No but I do have some David Barton books.  He is a big opponent of what he calls Academic collectivism (One academic looking at another as a source) of which I am in agreement.

I'll dig out the book tonight and find chapter and verse.


----------



## TripleXBullies (May 9, 2012)

Can I ask how we can take much of anything that TJ wrote to be clear indication of his true feelings?
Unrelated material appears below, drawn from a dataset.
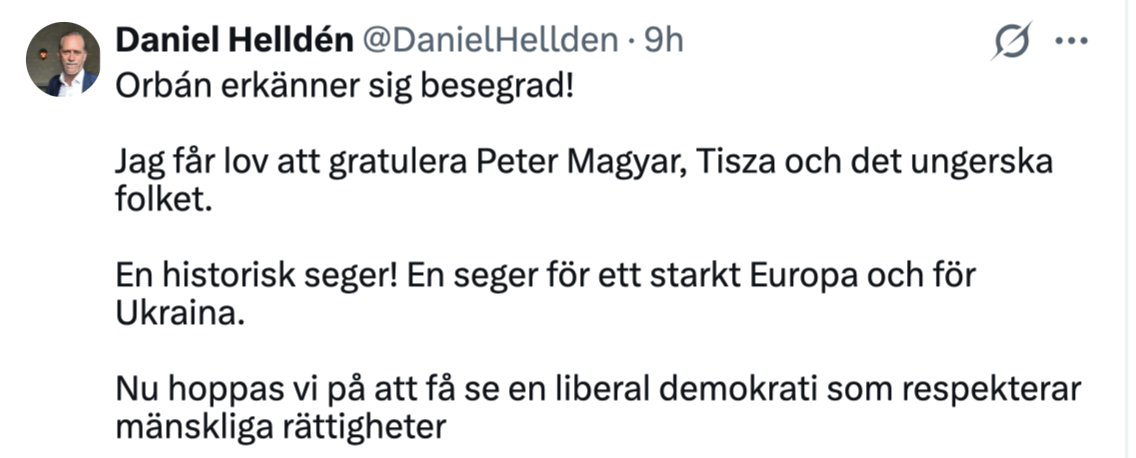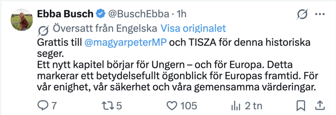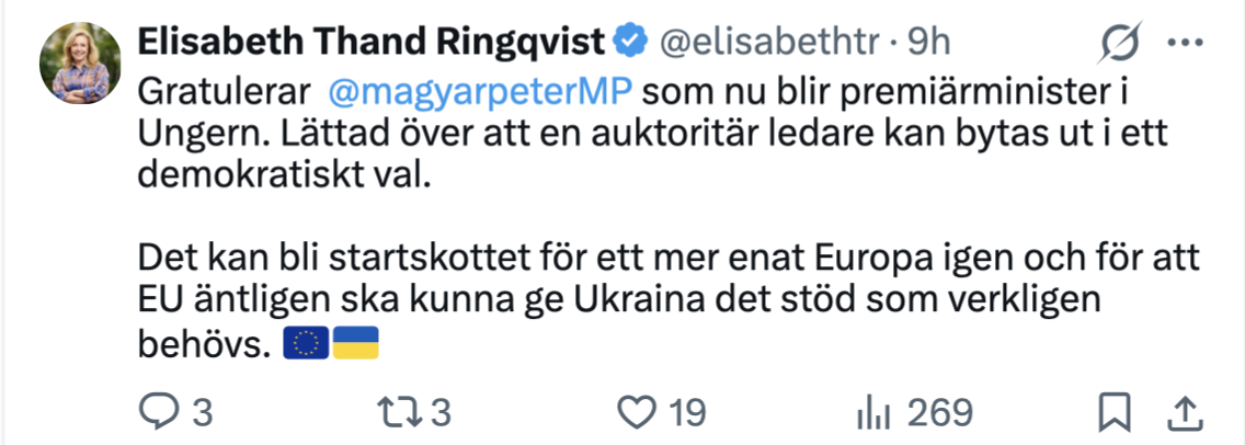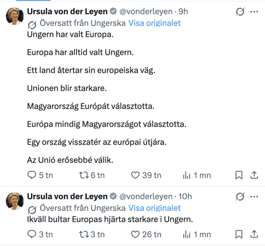 När Viktor Orbán föll på söndagskvällen gick Ursula von der Leyen ut med ett hyllningsinlägg där hon skrev att ”Europas hjärta bultar i Ungern” och att landet, som under Orbán varit starkt kritiskt till Bryssels politiska linje, nu är på ”sin europeiska väg”.
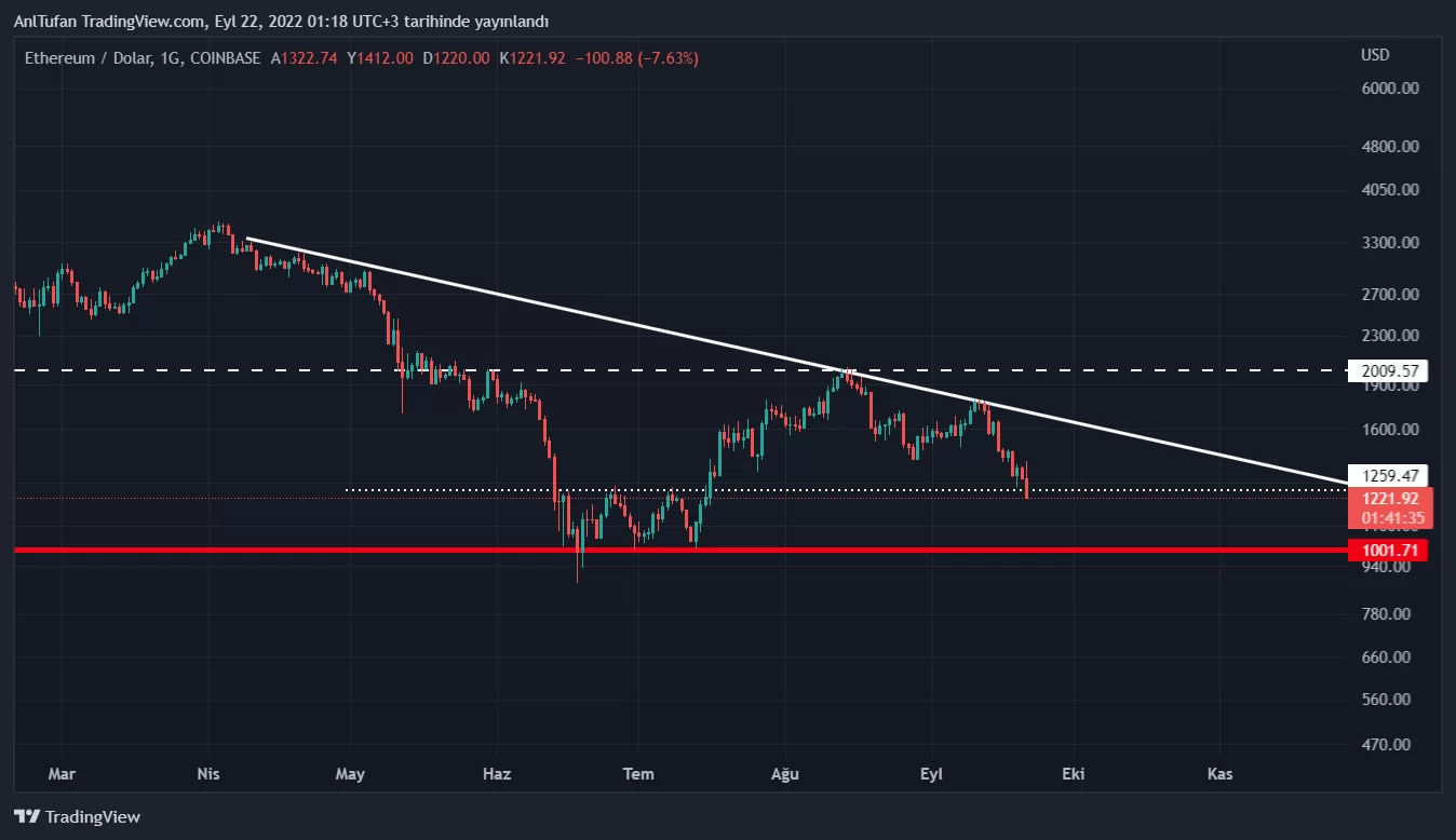 Merge birleşmesi sonrasında yüzde 25’den fazla düşüş yaşayan lider altcoin, kritik destek seviyesini kaybetmesiyle birlikte yarın itibariyle 1.000 dolar seviyesine gerilemesi beklenmekte.

Don't politicians say whatever they need to fit their party and get votes?


----------



## Madman (May 9, 2012)

TripleXBullies said:


> Don't politicians say whatever they need to fit their party and get votes?



Pretty much.  Politics is a strange profession for men and women trying to maintain their integrety.  I would use Jefferson's letter to the Barbary Pirates as an example.

Atlas,

I cannot find that quote anywhere but on my "List".  I must have heard it or pulled it from secondary sources and that is not good.

I even "googled" it to no avail, I sincerely thank you for bringing it up.  Red faced I remove it from my list.

I have found fragments of conversations and speaches where Jefferson uses language refering to an "active" god.

One is at the end of his second inauguration address.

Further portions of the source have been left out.